Three days later Ash sat in the greyhound station. His long black hair was neatly pulled into ponytail by a rawhide knot tied at the nape of his neck. The vast majority of the belongings that he thought important were packed into a knapsack that rested across his lap. In fifteen minutes he would board the bus bound for L.A., in a little less than a day and a night he would arrive. A nagging voice whispered to him that there was still time to turn back, still time to forget Rena (who had always been eccentric) and her curt-to-the-point-of-rudeness letter. Ash ignored the voice and glanced down at the sturdy, inexpensive watch on his wrist. Honor and guilt had always been stronger motivators for him than common sense or self-interest. Ten minutes. Ash considered buying one of the cheap novels onsale at the concessions stand to keep him company on the long bus trip, but in the interest of thrift, decided against it. Six dollars for a few hours distraction was a luxury he could ill-afford now. Besides, Ash thought to console himself, the long bus trip will most likely be fruitful writing time. Ash startled at the crackling old voice that announced over the decrepit PA system that his bus was boarding. Ash thought fleetingly of turning his back on this trip and giving up the whole foolish idea of rescuing Rena, then began trudging toward the great argent-colored steel beast that was filling up with passengers.
The bus swam smoothly through the night, its near-grace somehow belying its bulky, awkward form. The gentle snorings of road-weary passengers surrounded Ash, rising and falling like the tides. Ash stared through his reflection at the dazzling, multi-starred sky. Regret rose in Ash liquidly as he realized that the stars and constellations he had gotten so used to would be mostly obscured by the sluggish Los Angeles air and the garish lights of the city. Ash pulled a trim, tan notebook from within his knapsack, and began to write in sharp, staccato phrases.
Dawn came suddenly, brilliantly, the sun rising behind Ash in the Utah badlands. Ash realized wearily that sleep had crept up on him. He looked down at his notebook, and noticed a long streak of ink sliding across the page, disturbing the cramped pattern of his writing. Irritated, Ash tore out the page and crumpled it up, depositing it into the small trashbag by the window. Ash sighed and pulled out a battered, dog-eared book of poetry. It was by far his favorite, Songs of Night and Mourning by Alan Michaels. Ash immersed himself in a world of pain and metaphor and hope of redemption, and filled his head with idle fantasies of one day writing something of such terrible beauty. The bus shortly after stopped for the breakfast break, but Ash did not notice.
The rest of the trip seemed to speed by, the miles of desert fading away as Ash wrote, trying to capture his near-panic at the prospect of returning to the City of Angels, taking a break now and then to compare his own work unfavorably to Michaels'. Ash refined, rewrote and sometimes in frustration ripped to pieces poems about being drawn back inside a trap. He seldom looked up from his notebook and passengers who sat by him seemed to know not to disturb him with questions about his destination or comments on the weather and politics. In Las Vegas there was a two-hour wait between bus changes, and Ash idly munched on a vending machine sandwich.

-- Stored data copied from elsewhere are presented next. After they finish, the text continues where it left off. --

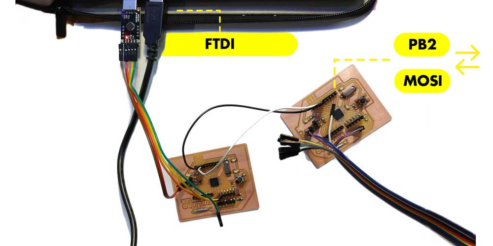 The connections are very simple, first upload the code and connect each board using an FTDI cable
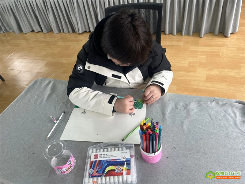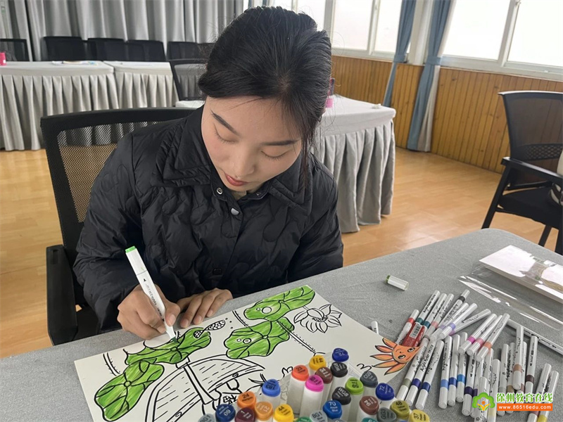 幸福在绘画中抽芽,教师们根据主题绘制、勾线、上色,人物与动物栩栩如生,场景符合主题、绚烂美丽,构图饱满、色彩鲜艳、画面美观。
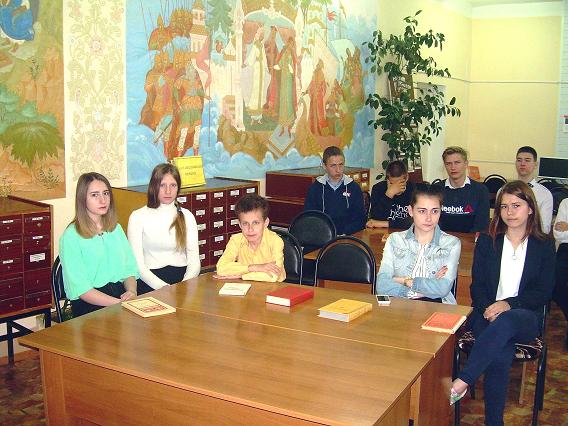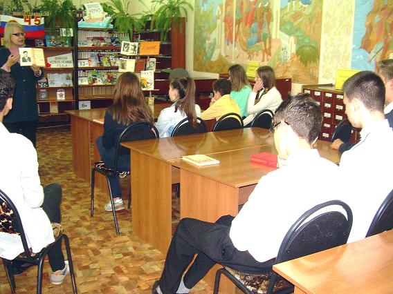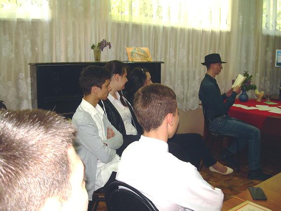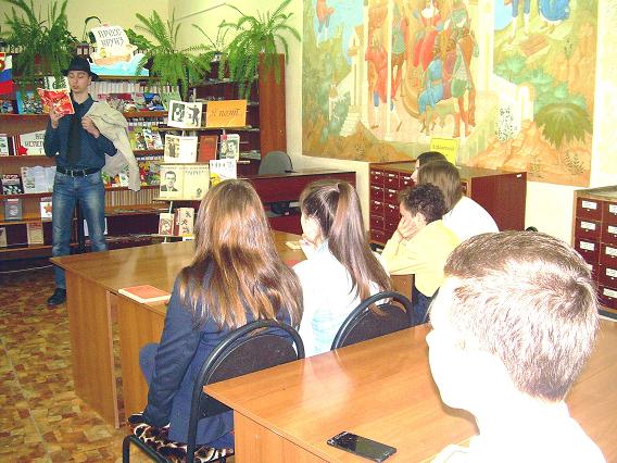 Библиотекарь Дроздова М.М. осветила основные периоды жизни и творчества поэта и рассказала о развитии и возникновении футуризма в России. Рассказ сопровождался показом фрагмента о создании манифеста футуристов из художественного фильма «Маяковский» и видеосюжетами, в которых исполнялись стихотворения В. Маяковского: «Скрипка и немного нервно» (М. Аверин) и «Лиличка» (группа «Сплин»). И, конечно же, не обошлось без присутствия самого поэта, в образе которого выступил библиотекарь Крапивин В.А. В его исполнении прозвучало стихотворение «А вы, могли бы?» и отрывок из поэмы «Хорошо». На столах перед девятиклассниками лежали томики стихотворений В. Маяковского, которые они листали, знакомясь с творчеством поэта.

Ash felt strangely at peace. In a few hours he would return to help Rena, if that meant facing the past again, so be it. Ash took a deep, resigned breath before clambering back onto the bus. He had always been a survivor. He could survive his father again.

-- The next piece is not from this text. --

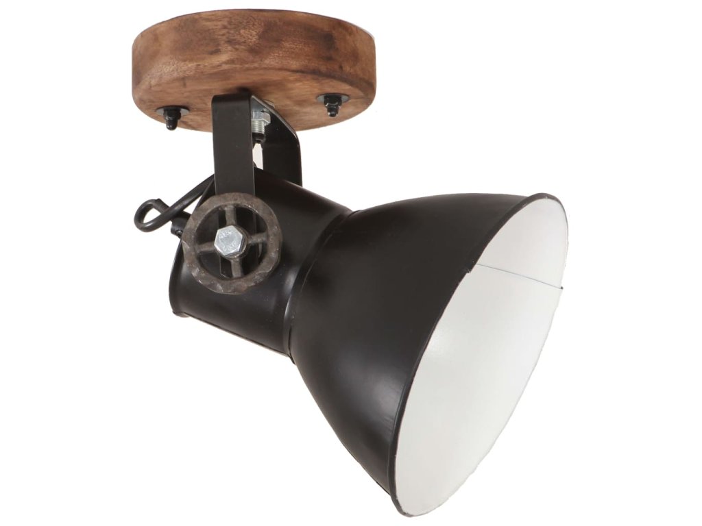 Železné tienidlá s čiernou povrchovou úpravou a mangový masív so starovidieckou povrchovou úpravou v hnedej farbe sa budú dokonale hodiť do interiérov zariadených vo vidieckom aj industriálnom štýle. Stropné lampy majú objímky E27 na žiarovky s maximálnym výkonom 25 wattov. Môžete si vybrať žiarovky s objímkou E27 s rôznymi farbami osvetlenia a vytvoriť tak v miestnosti príjemnú atmosféru ako stvorenú na relax a odpočinok. Lampy navyše môžete namontovať aj na strop.

Ash kept alert for the rest of the trip. He stared out the window and watched the slow crawl of suburbia into the California desert. He smiled wryly at an advertisement for homes near Baker, California. Once isolated hamlets had become prey to tract housing and trailer parks. Ash far preferred cities like New York or San Francisco, for while they eventually spilled over into the surrounding areas, the clustering of the cities themselves seemed to follow some natural law like termite or ant hives. It is wrong for any place to have so much sky with so few stars, Ash mused. The woman sitting in the next seat tried to engage him in small talk. Ash smiled at her absently, genially, but his answers were so distant and so often monosyllabic that the woman soon gave up and returned to reading her magazine. What had been the crawl of suburbia seemed to loom and swell ominously. Los Angeles lay before him.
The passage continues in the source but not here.